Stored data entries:
--------

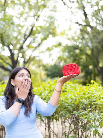 Carry elegance in your hands with this handmade crochet mini sling bag, featuring a soft white shade, lace bow, and pearl embellishment. Perfect for a trendy yet vintage touch!
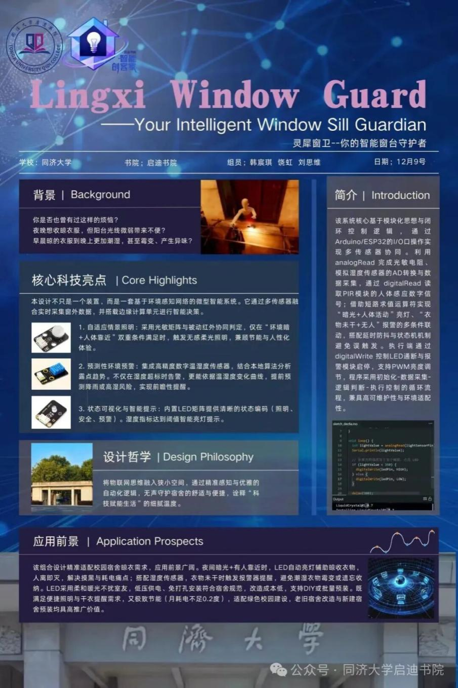 “灵犀窗卫”是一款由启迪书院学生设计的智能窗台守护系统,旨在解决宿舍阳台夜间光照不足、衣物潮湿霉变等生活痛点。该系统集成光敏、红外、温湿度等多类传感器,通过边缘计算实现智能决策:在暗光且有人靠近时自动点亮柔光照明;基于温湿度变化预测降雨或高温风险,提前预警。采用模块化设计与闭环控制逻辑,以Arduino/ESP32为核心,兼顾节能与人性化体验。装置支持状态可视化提示,安装简便、功耗极低,适用于宿舍、楼道等场景,以细腻的科技赋能日常生活的便捷与舒适。
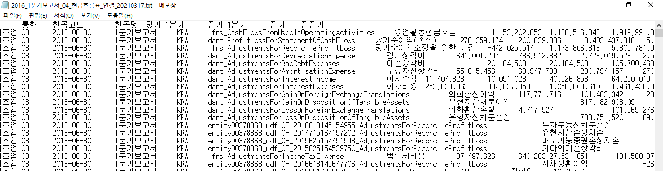 2016_1분기보고서_04_현금흐름표_연결_20210317.txt를 켜서 스크롤을 약간 오른쪽으로 옮기면 아래와 같은 내용을 볼 수 있다.
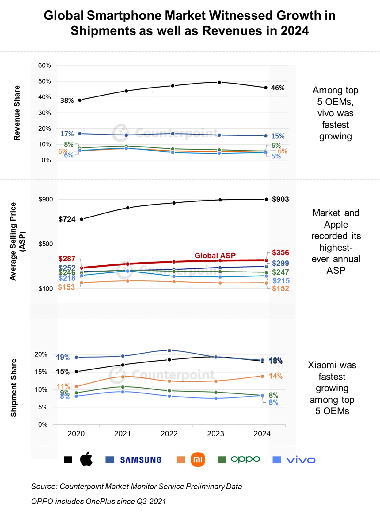 Counterpoint Research 公布的最新数据显示,2024 年全球智能手机收入份额呈现积极态势,平均销售价格指标在连续两年下滑后跃升至 356 美元。 高级分析师 Shilpi Jain 就这些变化发表了如下评论。
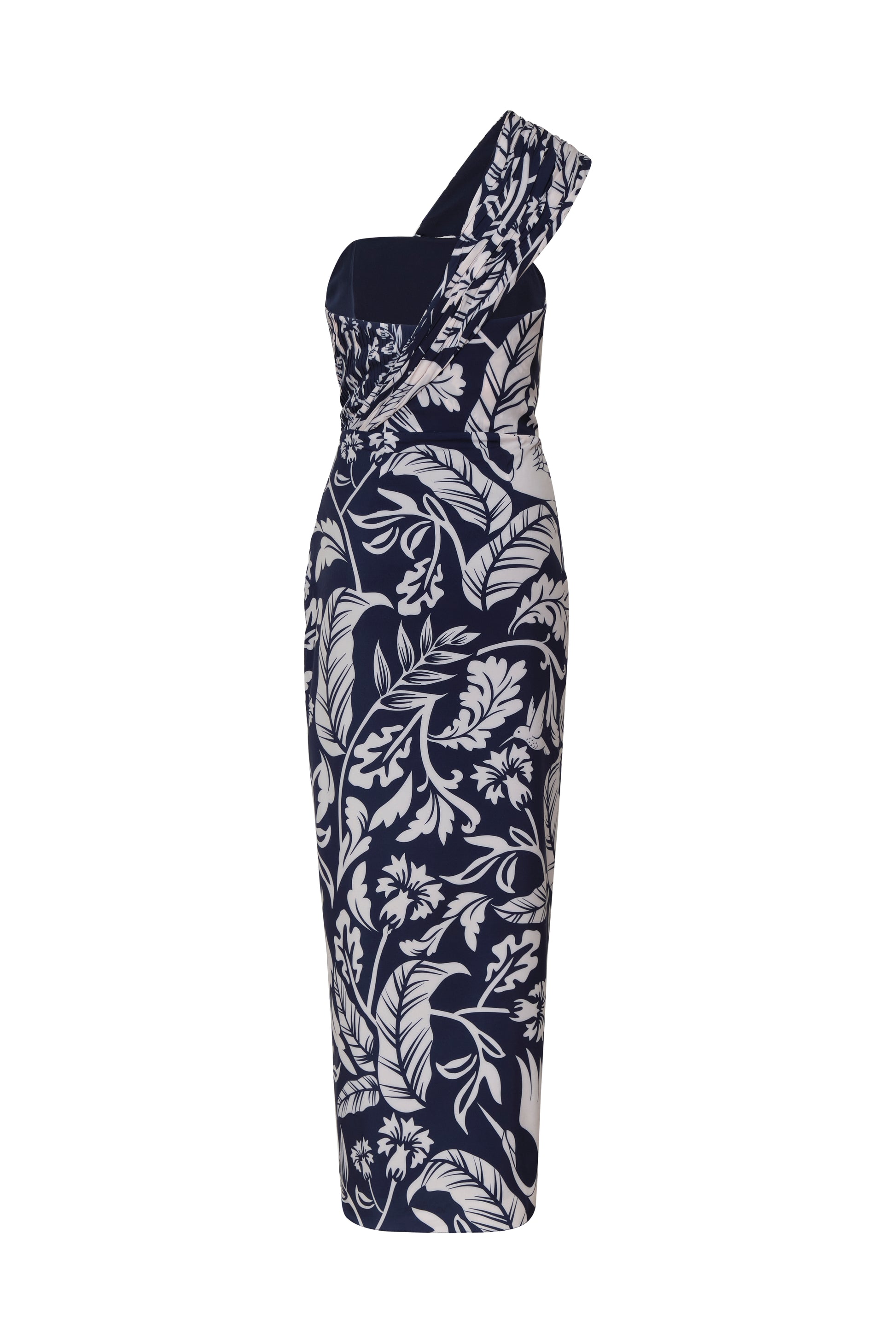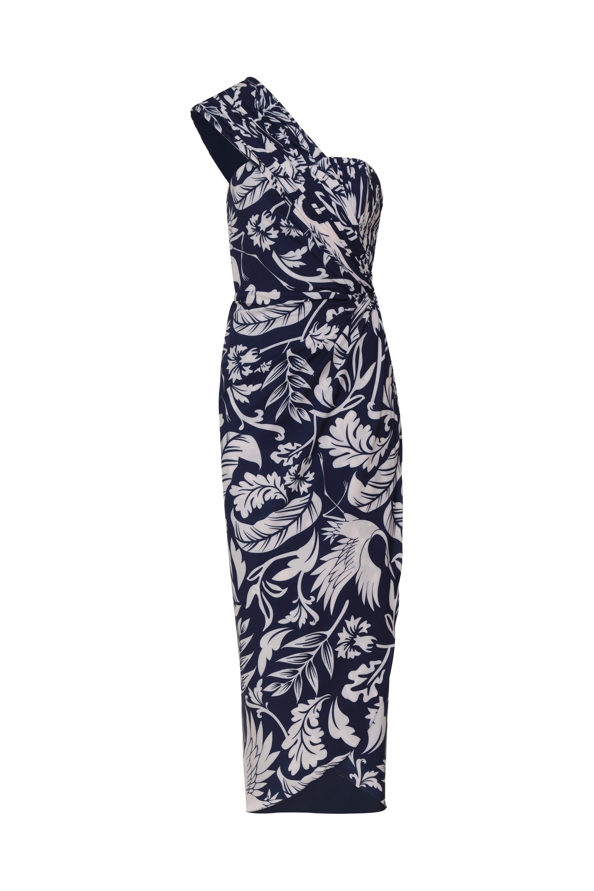 Casablanca is a pleated midi dress in Navy Maxi Birds Print, crafted in crepe with 95% recycled polyester. Featuring an elegant one-shoulder design and delicate pleated details, it's an effortlessly refined piece, perfect for daytime events.
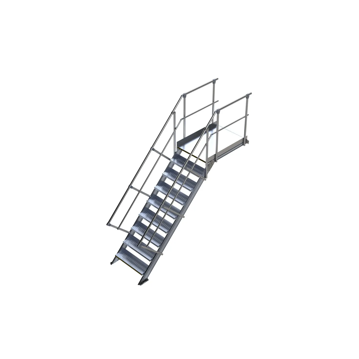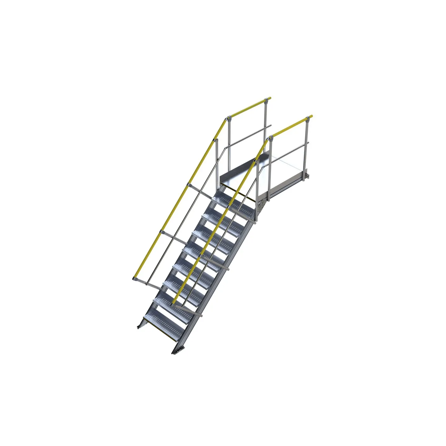 Découvrez notre gamme d'escaliers industriels à 45°, avec une largeur de passage de 800 mm pour répondre à vos besoins d'accès sécurisés en milieu industriel. Fabriqués en aluminium de haute qualité, nos escaliers avec plateforme offrent une solution fiable et durable pour vos opérations quotidiennes. Nous recommandons l'utilisation des escaliers industriels avec une inclinaison à 45° pour les usages fréquents. Muni de garde-corps à droite et à gauche choisissez parmis de plus 16 hauteurs d'escaliers disponibles de 400 mm à 3200 mm.

--------

Write out all the entries word for word, but skip any images.

TASK OUTPUT:
 Carry elegance in your hands with this handmade crochet mini sling bag, featuring a soft white shade, lace bow, and pearl embellishment. Perfect for a trendy yet vintage touch!
 “灵犀窗卫”是一款由启迪书院学生设计的智能窗台守护系统,旨在解决宿舍阳台夜间光照不足、衣物潮湿霉变等生活痛点。该系统集成光敏、红外、温湿度等多类传感器,通过边缘计算实现智能决策:在暗光且有人靠近时自动点亮柔光照明;基于温湿度变化预测降雨或高温风险,提前预警。采用模块化设计与闭环控制逻辑,以Arduino/ESP32为核心,兼顾节能与人性化体验。装置支持状态可视化提示,安装简便、功耗极低,适用于宿舍、楼道等场景,以细腻的科技赋能日常生活的便捷与舒适。
 2016_1분기보고서_04_현금흐름표_연결_20210317.txt를 켜서 스크롤을 약간 오른쪽으로 옮기면 아래와 같은 내용을 볼 수 있다.
 Counterpoint Research 公布的最新数据显示,2024 年全球智能手机收入份额呈现积极态势,平均销售价格指标在连续两年下滑后跃升至 356 美元。 高级分析师 Shilpi Jain 就这些变化发表了如下评论。
 Casablanca is a pleated midi dress in Navy Maxi Birds Print, crafted in crepe with 95% recycled polyester. Featuring an elegant one-shoulder design and delicate pleated details, it's an effortlessly refined piece, perfect for daytime events.
 Découvrez notre gamme d'escaliers industriels à 45°, avec une largeur de passage de 800 mm pour répondre à vos besoins d'accès sécurisés en milieu industriel. Fabriqués en aluminium de haute qualité, nos escaliers avec plateforme offrent une solution fiable et durable pour vos opérations quotidiennes. Nous recommandons l'utilisation des escaliers industriels avec une inclinaison à 45° pour les usages fréquents. Muni de garde-corps à droite et à gauche choisissez parmis de plus 16 hauteurs d'escaliers disponibles de 400 mm à 3200 mm.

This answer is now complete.